Have you ever wanted to analyze or mutate some C or C++ code? You can do some simple pattern matching with regular expressions, but there’s always some special case or another that will break your logic. To do it right, you need to develop an entire parser, perhaps using a formal grammar and a tool like Yacc. That’s a big job, though, just to change all the floats to doubles.
[Adrian Sampson] wrote a blog entry to make you go from “mostly uninterested in compilers to excited to use LLVM to do great work.” LLVM – the Low Level Virtual Machine compiler infrastructure — provides tools for a lot of languages, including CLANG for C and C++. [Adrian] points out a few key differences between LLVM and other compilers and tools you might use for a similar purpose:
- LLVM uses a consistent intermediate representation that is human-readable
- It is extremely modular
- It is both highly hackable and an industrial-strength, well-supported compiler
He points out that compiler tools aren’t just for compiling. You can use them to analyze source code, build simulators, and inject code for security or testing, among other things (speaking of security testing, check out the use of LLVM to analyze binaries for security issues in the video after the break). The high hackability of LLVM is due to its modular nature. By default, a front end chews up the C or C++ code into the intermediate representation. Then multiple passes can modify the representation before handing it off for the next pass. The final pass does actual code generation for the target processor.
It is fairly easy to add passes, and [Adrian] even provides a template and an example.

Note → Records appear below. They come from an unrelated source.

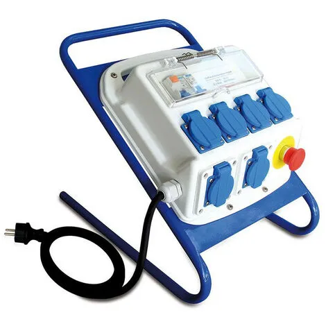 Coffret d’alimentation mobile avec pied équipé de 6 prises 16A brochage domestique 2P+T, 1 interrupteur différentiel bipolaire 30 mA et 1 disjoncteur bipolaire 16A
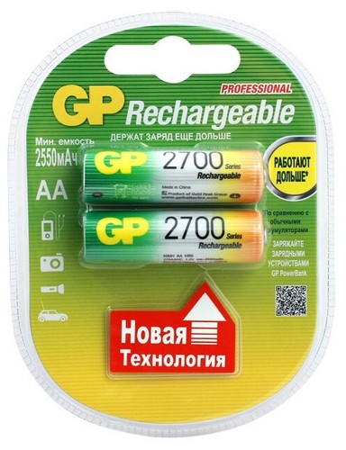 В комплекте 2 никель-металл-гидридных батарейки GP 270AAHC, каждая обладает емкостью 2700 мАч и напряжением 1.2 вольта. Батарейки способны перезаряжаться более 500 раз за все время эксплуатации и работать даже при –20 °C.
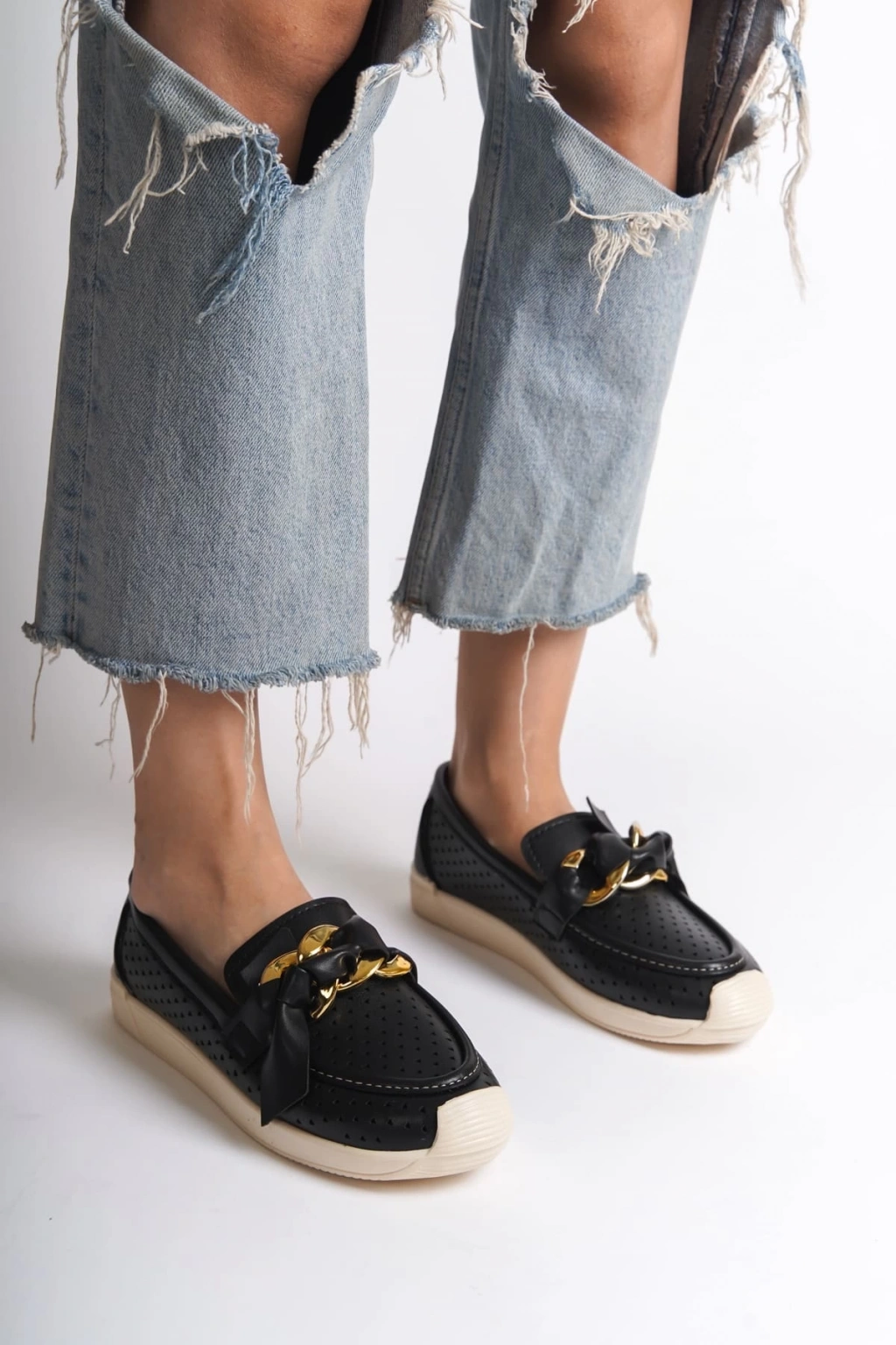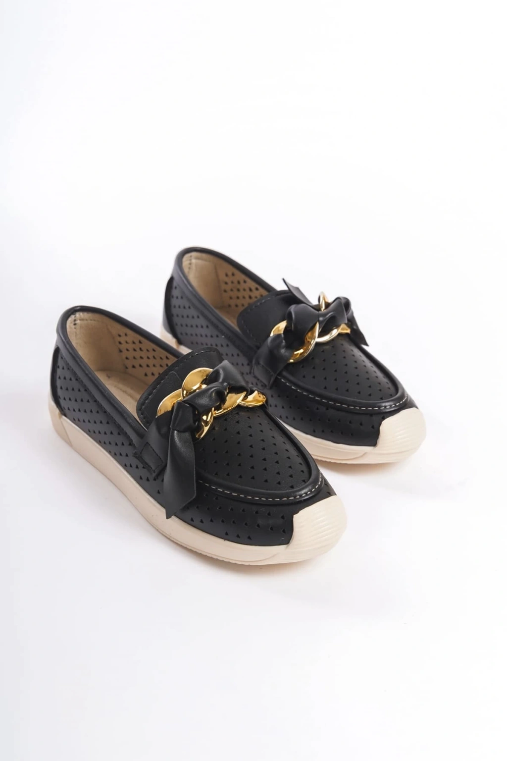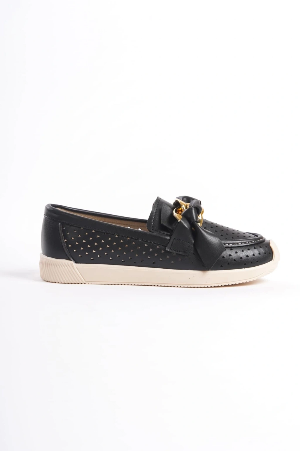 LYDIA Bağcıksız Ortopedik Rahat Taban Kalp Desenli Kadın Babet Ayakkabı CKT - Siyah

Naturally, you could use a pass to do some kind of exotic or experimental optimization. But you can also use a pass to analyze or modify code for reasons other than code optimization.
We recently talked about the difficulties of building infrastructure around a custom CPU. LLVM was mentioned, and [Adrian’s] template and examples would be a big head start in creating a custom C compiler. CLANG can even generate code for the Arduino which, after all, is just C++ code.
I really liked the linked article. It’s gotten me curious, though most of my software work is on Windows applications so I don’t know when I’ll get to playing around with any of it.
llvm for windows: http://llvm.org/docs/GettingStartedVS.html (no personal experience) (uses visual studio!)
LLVM works very fine on Windows, as does clang. It’s Visual Studio Compiler compatibility is getting better by the minute. For relatively small projects, it should work without a hassle. I would first try to build the project with clang to make sure it understands your code. Then you can use the clang API and tool to refactor, mutate or analyze your code.
Have fun!